MariaZentsova

Posted on Jan 17, 2022

Topic modelling with Gensim and SpaCy on startup news

#python #datascience #machinelearning #tutorial

This winter I'm embarking on a new NLP project with the goal to analyse global investment trends in clean energy start ups.

One of the best sources of start up news globally is TechCrunch, so to have a high-level overview of all possible start up news topics, I've extracted the articles for the last ten years.

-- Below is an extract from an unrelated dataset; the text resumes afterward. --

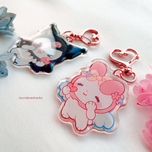 Emo And Pink Bunny Glitter Keychains
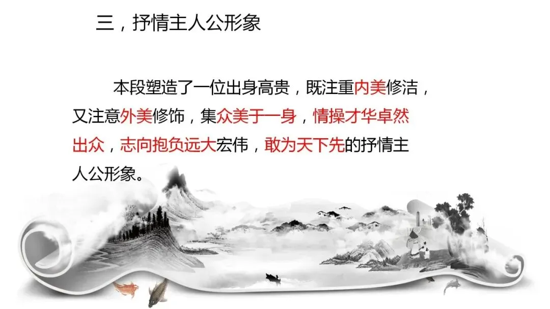 教师总结道:如果说独穷困是这个世界给予诗人的强烈的厄运,强烈的打击的话,那么“独好修”是诗人对命运的什么?反抗、还击和超越。所以我说,国王有国王的权杖,可是诗人有诗人的权杖。我想离骚的伟大就在于屈原对悲剧命运的浪漫主义的超越。因超越,得自由。(PPT中引王德峰《艺术哲学》的内容:“悲剧表现了人对最残酷命运的自由态度”,增进学生对文本的理解。)

For the topic modelling itself, I am going to use Gensim library by Radim Rehurek, which is very developer friendly and easy to use.

1. Text preprocessing

The TechCrunch collection of startup news is absolutely amazing. I've extracted those by using the api, so data would require some cleaning.

Let's start by fetching the data from AWS S3 bucket.

# Getting data from AWS S3 bucket
s3 = boto3.client('s3')
obj = s3.get_object(Bucket = 'process-news',Key = 'techcrunch_data.csv')

techcrunch_data = pd.read_csv(obj['Body'])

techcrunch_data.shape

#(32634, 54)

The dataset contains more than 30,000 news articles, however the text for title and body needs to be extracted from the 'rendered' key.

"{'rendered': 'Irish virtual sports giant’s new startup bets big on rugby in bid for US market share'}"

# Getting the text from 'rendered' key
techcrunch_data["clean_title"] =  [ast.literal_eval(x)['rendered'] for x in techcrunch_data["title"]]
techcrunch_data["clean_content"] =  [ast.literal_eval(x)['rendered'] for x in techcrunch_data["content"]]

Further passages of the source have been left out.